Goal of the exercise.
Your answer must be the full listing below, repeated exactly, with no pictures in it.
[Data shown — start]
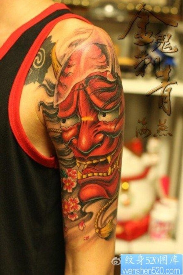 手臂经典帅气的彩色般若纹身图片_般若纹身图案大全_纹身图吧
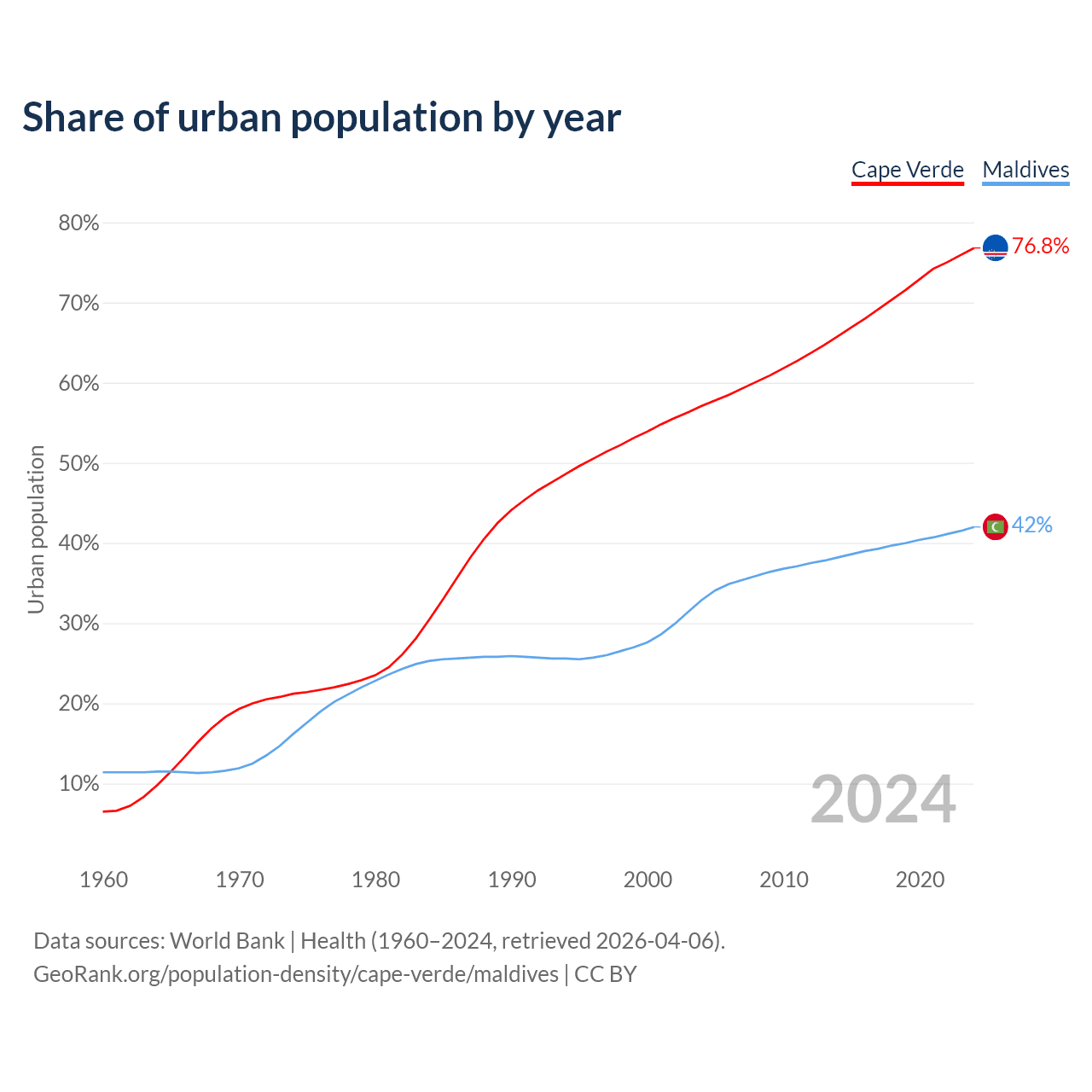 From 2004 to 2024, the share of urban population changed from 57.1% to 76.8% in Cape Verde and from 32.9% to 42% in Maldives.
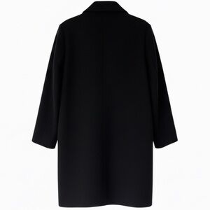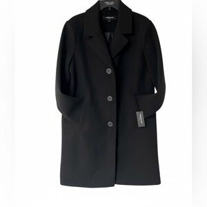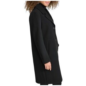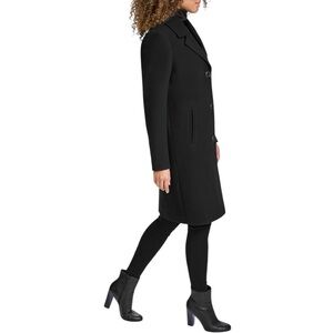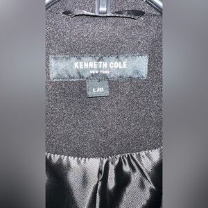 Kenneth Cole coat, womens black coat, notch collar coat, single breasted coat, long black jacket, womens overcoat, fall winter coat, classic black coat, office wear jacket, workwear outerwear, business casual coat, minimalist coat, tailored jacket, dress coat, commuter coat, layering jacket, womens outerwear, modern classic coat, travel jacket, everyday coat, chic black coat, size large coat, L womens jacket, polished outerwear, capsule wardrobe
[Data shown — finish]
Response area.
 手臂经典帅气的彩色般若纹身图片_般若纹身图案大全_纹身图吧
 From 2004 to 2024, the share of urban population changed from 57.1% to 76.8% in Cape Verde and from 32.9% to 42% in Maldives.
 Kenneth Cole coat, womens black coat, notch collar coat, single breasted coat, long black jacket, womens overcoat, fall winter coat, classic black coat, office wear jacket, workwear outerwear, business casual coat, minimalist coat, tailored jacket, dress coat, commuter coat, layering jacket, womens outerwear, modern classic coat, travel jacket, everyday coat, chic black coat, size large coat, L womens jacket, polished outerwear, capsule wardrobe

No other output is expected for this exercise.